Upstairs on the third floor visitors are greeted with a replica of the first electric traffic light in Europe that flashed over Berlin's Potsdamer Platz starting in 1924.  A marvel of contemporary design and engineering, the curator now has it blinking yellow as a caution of what was to come - for as Berlin exploded onto the art and culture scene, it also became the center of German politics and a cauldron for the new Weimar policies.

But I'm getting ahead of myself.  The exhibition continues with "A New Utopia", a look at Berlin's advances in architecture and film.  Faced with a housing shortage and a need for new public and commercial buildings, innovative architects such as Mies van der Rohe and Walter Gropius presented practical, elegant and thoroughly modern solutions that are masterpieces in urban design.  Drawings and designs for structures from apartment complexes to movie palaces hang on three walls while a 1927 film by Walther Ruttmann entitled "Berlin:  Symphony of a Metropolis" is projected against the fourth.

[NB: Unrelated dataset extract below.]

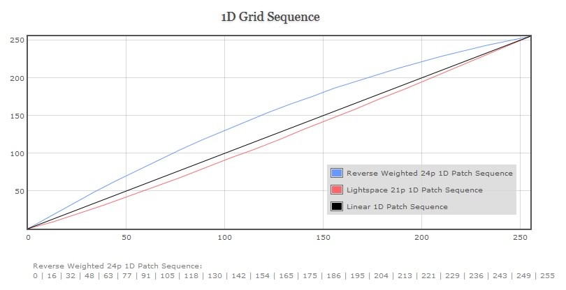 - this section will generate a 3D custom color patch sequence from the options that you have selected. Lightspace internally uses generated grid sequences and if you choose original Lightspace sequence you can see exactly these sequences. But now you can make adjustments to these sequences, making them even more effective for the calibration of your particular display. Supported grid sequence size is 3-50, so the maximum profile size is 50^3.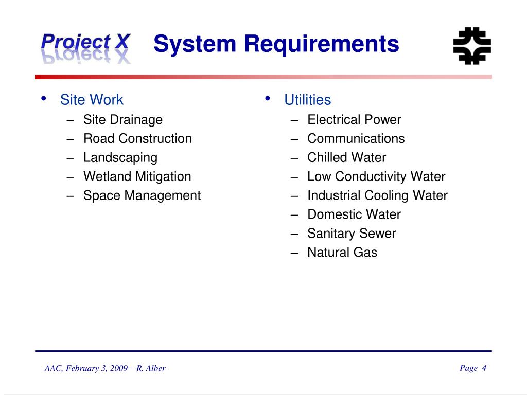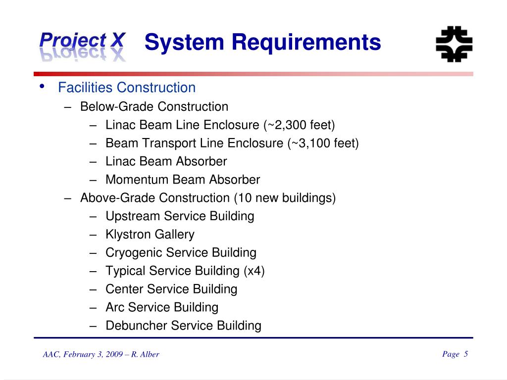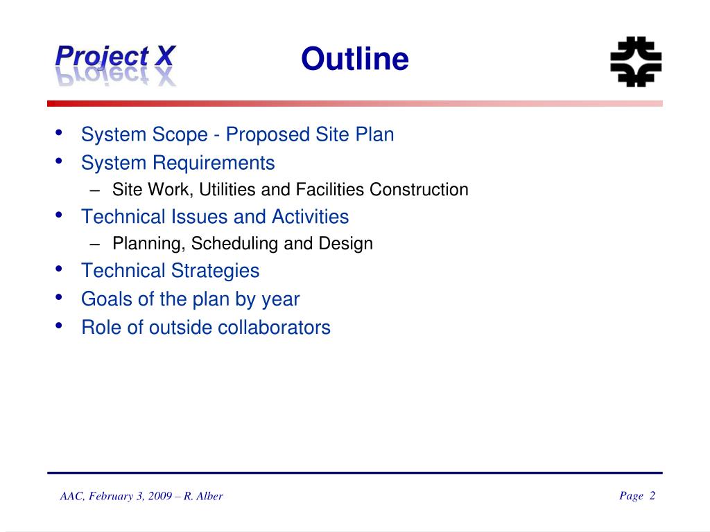 Project X RD&D Plan Conventional Facilities (Civil Construction). Russ Alber AAC Meeting February 3, 2009. Outline. System Scope - Proposed Site Plan System Requirements Site Work, Utilities and Facilities Construction Technical Issues and Activities Planning, Scheduling and Design

"The Neue Frau [New Woman]" is the theme of the next gallery.  The post war era saw a lot of social changes, perhaps none more remarkable than the new role of women.  As it became more acceptable for women to enter the work force, and as the concept of a "salaried worker" became more common, a new culture of consumerism and leisure activities developed.  The emancipation of women demanded a new fashion and the proliferation of film allowed many more people access to these new trends and styles.  Changing social morals made it suddenly more acceptable for a woman to smoke, go out to a restaurant or be more sexually liberated.

The role of photography as a medium for artistic expression is explored in "The Crisis of Modernity".  Beside its obvious uses for advertising and documentation, photography and the manipulation of photos became the expression of choice for artists from the Dadaists to the Surrealists with The Neue Sehen (New Look), a combination of Neue Sachlichtkeit (New Objectivity) and Constructivism, developing as a uniquely Berlin aesthetic.

All good things must come to an end and the meteoric rise of the metropolis began its slow descent into Hell with the emergence of Adolf Hitler on the scene.  Ten years after the new beginning of the Weimar Republic, things were starting to fall apart and the impending doom was foreseen by many of the same artists who had heralded the new era.  "Into the Abyss" showcases works that portend the horror that was to come, either subtly with veiled messages, or shockingly with horrible imagery.

"Berlin Metropolis" attempts to pack a lot of art and history into a very small space.  On some levels it is quite successful but it can also be somewhat confusing.  The wide variety of expression presented - fashion, film, collage, architecture, photomontage, poster arts - certainly makes the case for the artistic melting pot that existed at the time, but it is hard to keep everything in its proper perspective.  It certainly does make the case for Berlin being the most American of European cities during this extraordinary period of time.  "Berlin Metropolis" is on view until January 4, 2016.